### Problem:
What's needed is an exact retyping of the lines from the start of the listing up to and including the line with "Sensasi nagih Brownies", minus any pictures.

### Supplied data:

*** Begin section ***

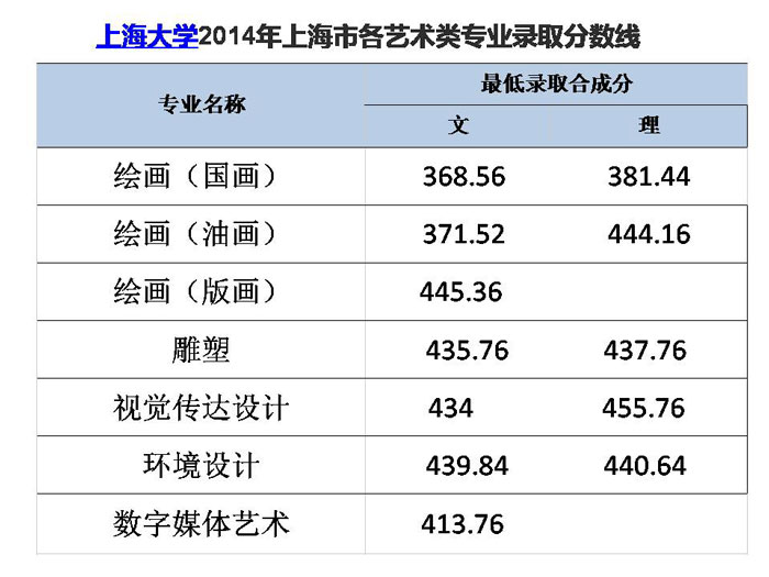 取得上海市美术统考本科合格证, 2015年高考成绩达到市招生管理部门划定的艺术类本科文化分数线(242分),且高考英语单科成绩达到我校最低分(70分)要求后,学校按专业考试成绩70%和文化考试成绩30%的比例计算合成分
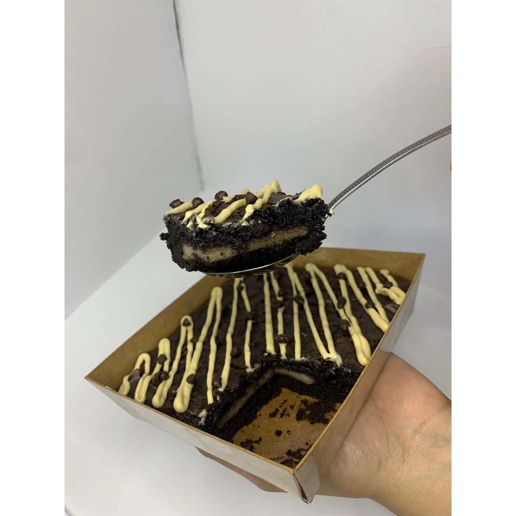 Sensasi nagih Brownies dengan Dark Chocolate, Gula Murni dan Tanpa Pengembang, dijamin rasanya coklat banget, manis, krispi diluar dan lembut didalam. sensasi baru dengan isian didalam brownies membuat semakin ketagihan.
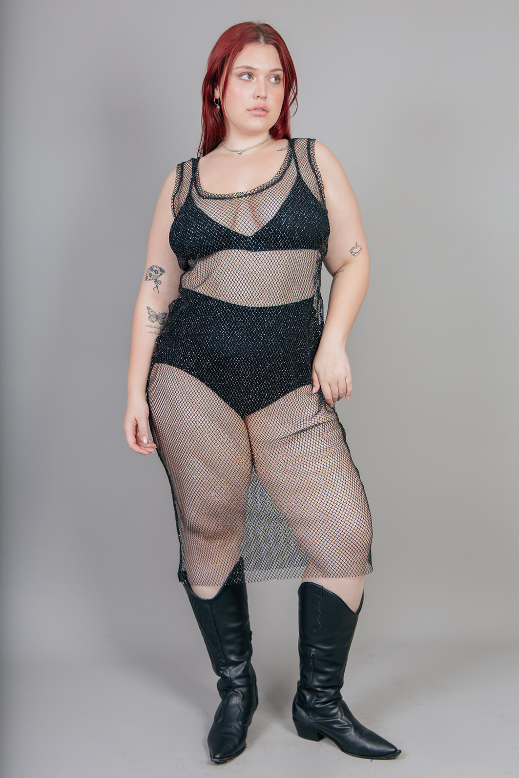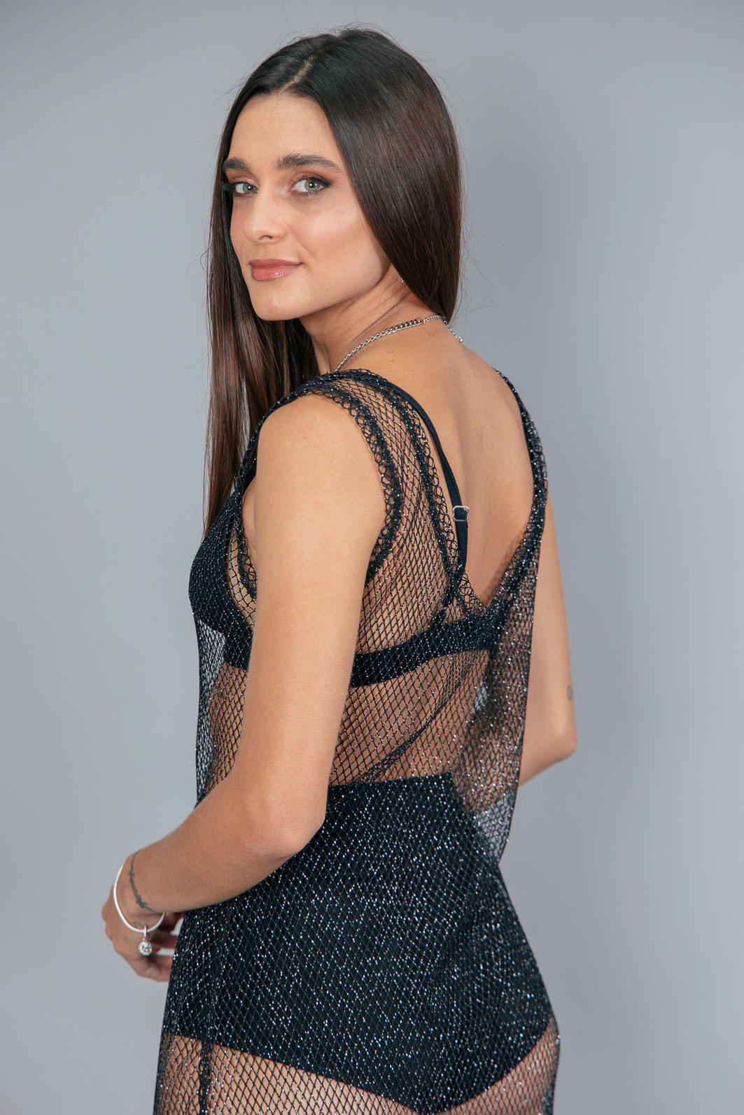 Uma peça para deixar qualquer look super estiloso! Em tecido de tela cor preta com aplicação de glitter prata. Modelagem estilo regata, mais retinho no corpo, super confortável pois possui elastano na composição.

*** End section ***

### Exercise response:
 取得上海市美术统考本科合格证, 2015年高考成绩达到市招生管理部门划定的艺术类本科文化分数线(242分),且高考英语单科成绩达到我校最低分(70分)要求后,学校按专业考试成绩70%和文化考试成绩30%的比例计算合成分
 Sensasi nagih Brownies dengan Dark Chocolate, Gula Murni dan Tanpa Pengembang, dijamin rasanya coklat banget, manis, krispi diluar dan lembut didalam. sensasi baru dengan isian didalam brownies membuat semakin ketagihan.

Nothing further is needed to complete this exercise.